Wednesday, September 21, 2011

CAMBODIA URGED TO HALT BOEUNG KAK LAKE FORCED EVICTIONS IN PHNOM PENH



Eight homes and businesses were demolished without warning last week
Eight homes and businesses were demolished without warning last week
© Nora Lindstrom

Thousands of families have lived under threat of forced eviction since 2007
Thousands of families have lived under threat of forced eviction since 2007
© Nora Lindstrom
19 September 2011
The Cambodian authorities must stop a series of heavy-handed forced evictions in Phnom Penh which have seen thousands of families lose their homes, Amnesty International said today.

About a further 90 families living around Boeung Kak Lake in the centre of the capital are at imminent risk of forced eviction as development company Shukaku Inc clears the land for construction.

Eight homes and businesses were demolished without warning in village 22 on Friday by two excavators accompanied by around 100 armed riot police and security guards.

One Boeung Kak Lake resident and activist, Suong Sophorn was beaten unconscious by police with batons and a brick after he called for other residents to join hands to stop the destruction of more houses.

"The authorities must act to ensure that no further forced evictions are carried out in the Boeung Kak Lake area and that all the remaining families are treated fairly and equally" said Donna Guest, Amnesty International’s Asia-Pacific Deputy Director.

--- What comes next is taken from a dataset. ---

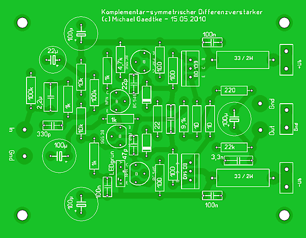 und damit für ein sehr stabiles DC-Verhalten. Bei den heute üblichen Signalquellen kommt man mit einem Verstärkungsfaktor von 10 oder +20dB in den meisten Fällen aus, um Endstufen voll aussteuern können. Wenn mehr – oder weniger – gebraucht wird, kann man das Gegenkopplungsnetzwerk einfach umdimensionieren: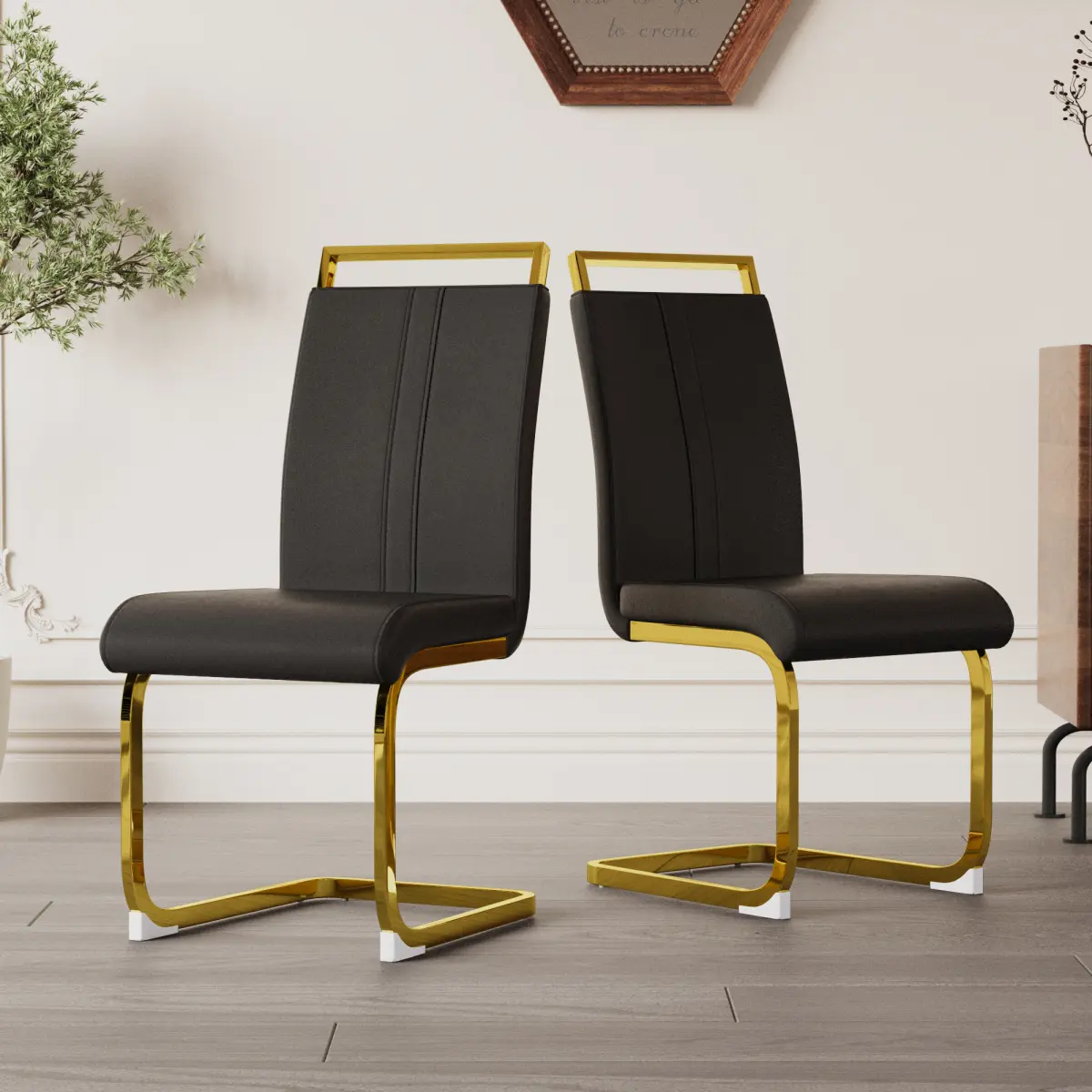 ·2.Modern designed dining chair - A stunning alternative to traditional dining chairs, the faux Leather Plating Golden Metal Leg Dining Chairs bring style to every occasion.

"They must also launch an investigation into the beating of Suong Sophorn and bring those police officers responsible to justice."

Only 779 out of some 4,000 families are still living in the Boeung Kak Lake area. The others were subjected to a campaign of threats and intimidation to accept inadequate compensation or resettlement to a site 20km away from their work and livelihoods.

On 11 August, the prime minister authorized 12.44 hectares of land within the Boeung Kak Lake development area to be handed over to the remaining 779 families for onsite housing in plots with legal ownership.

However, the Municipality of Phnom Penh (MPP) has excluded 96 families in villages which it claims do not live within the 12.44 hectares.

The families whose homes and businesses were destroyed on 16 September are among these 96 excluded households.

Families have lived under threat of forced eviction since February 2007 when the MPP granted a 99-year lease for the land to Shukaku Inc.